ASSIGNMENT: Leave out the pictures and return every entry exactly as it appears.

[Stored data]
== Segment start ==

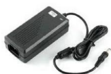
EL0031203/EL0031202 EL0035630/EL0031201 EL0031200
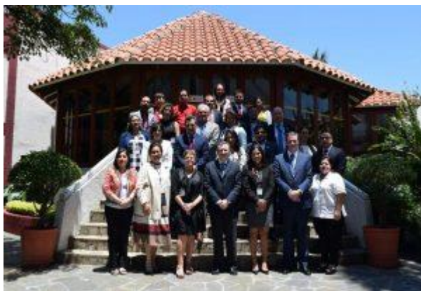
Santa Cruz de la Sierra (Bolivia)

Ter versterking van de contacten in de regio hebben, op uitnodiging van de SER van Spanje en het Spaanse Agentschap voor Internationale Ontwikkelingssamenwerking (AICED), enkele SER-medewerkers ook deelgenomen aan een regionale bijeenkomst in Santa Cruz de la Sierra (Bolivia) met als thema: 'Cohesión social y gobernabilidad; el papel de los Consejos Económicos y Sociales y el diálogo con los agentes económicos y sociales'. Van die gelegenheid werd gebruik gemaakt om met de coördinator van het regionale netwerk van SER'en, Consejos Económicos y Sociales de América Latina y del Caribe (CESALC), te weten de SER van Guatemala, nadere afspraken te maken over reactivering van het netwerk en de aanzet voor een regionale agenda.
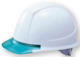
DPM-141JW/GN (バイザー色:透明グリーン)
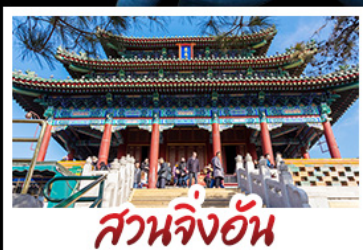
สวนจิงอัน
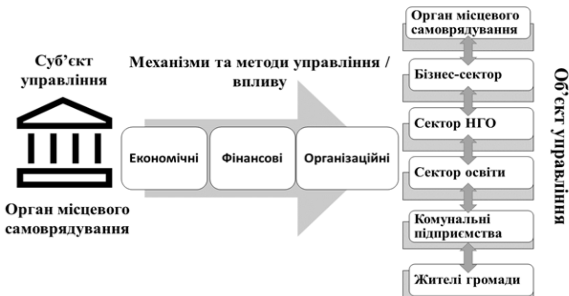
Рис. 1. Система управління економічним розвитком громади в умовах МЕР

Аналізуючи дані визначення, ми можемо зробити висновок про те, що насправді концепція МЕР є своєрідною оболонкою – «framework» - яка формує певну управлінську систему, покликану забезпечити соціально-економічний розвиток (рис. 1).
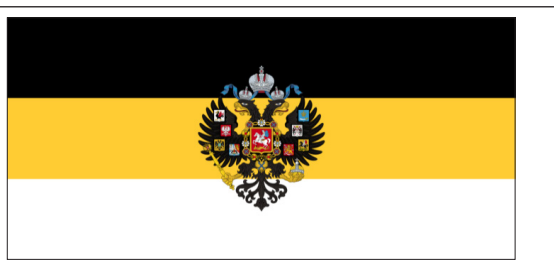
Рис. 3. Версія прапора з гербом

Починаючи з 2014 року символікою російської імперії користуються незаконні терористичні угруповання самопроголошених республік, так званих «ДНР» та «ЛНР», і до сьогодні — наприклад, 80-й окремий гвардійський розвідувальний батальйон «Спарта» імені Арсена Павлова, який належить 1-му армійському корпусу російської федерації. Це незаконне збройне формування було включено до санкційних списків низки країн. Воно брало участь у боях на схо-

== Segment end ==

PROBLEM SOLUTION:
EL0031203/EL0031202 EL0035630/EL0031201 EL0031200
Santa Cruz de la Sierra (Bolivia)

Ter versterking van de contacten in de regio hebben, op uitnodiging van de SER van Spanje en het Spaanse Agentschap voor Internationale Ontwikkelingssamenwerking (AICED), enkele SER-medewerkers ook deelgenomen aan een regionale bijeenkomst in Santa Cruz de la Sierra (Bolivia) met als thema: 'Cohesión social y gobernabilidad; el papel de los Consejos Económicos y Sociales y el diálogo con los agentes económicos y sociales'. Van die gelegenheid werd gebruik gemaakt om met de coördinator van het regionale netwerk van SER'en, Consejos Económicos y Sociales de América Latina y del Caribe (CESALC), te weten de SER van Guatemala, nadere afspraken te maken over reactivering van het netwerk en de aanzet voor een regionale agenda.
DPM-141JW/GN (バイザー色:透明グリーン)
สวนจิงอัน
Рис. 1. Система управління економічним розвитком громади в умовах МЕР

Аналізуючи дані визначення, ми можемо зробити висновок про те, що насправді концепція МЕР є своєрідною оболонкою – «framework» - яка формує певну управлінську систему, покликану забезпечити соціально-економічний розвиток (рис. 1).
Рис. 3. Версія прапора з гербом

Починаючи з 2014 року символікою російської імперії користуються незаконні терористичні угруповання самопроголошених республік, так званих «ДНР» та «ЛНР», і до сьогодні — наприклад, 80-й окремий гвардійський розвідувальний батальйон «Спарта» імені Арсена Павлова, який належить 1-му армійському корпусу російської федерації. Це незаконне збройне формування було включено до санкційних списків низки країн. Воно брало участь у боях на схо-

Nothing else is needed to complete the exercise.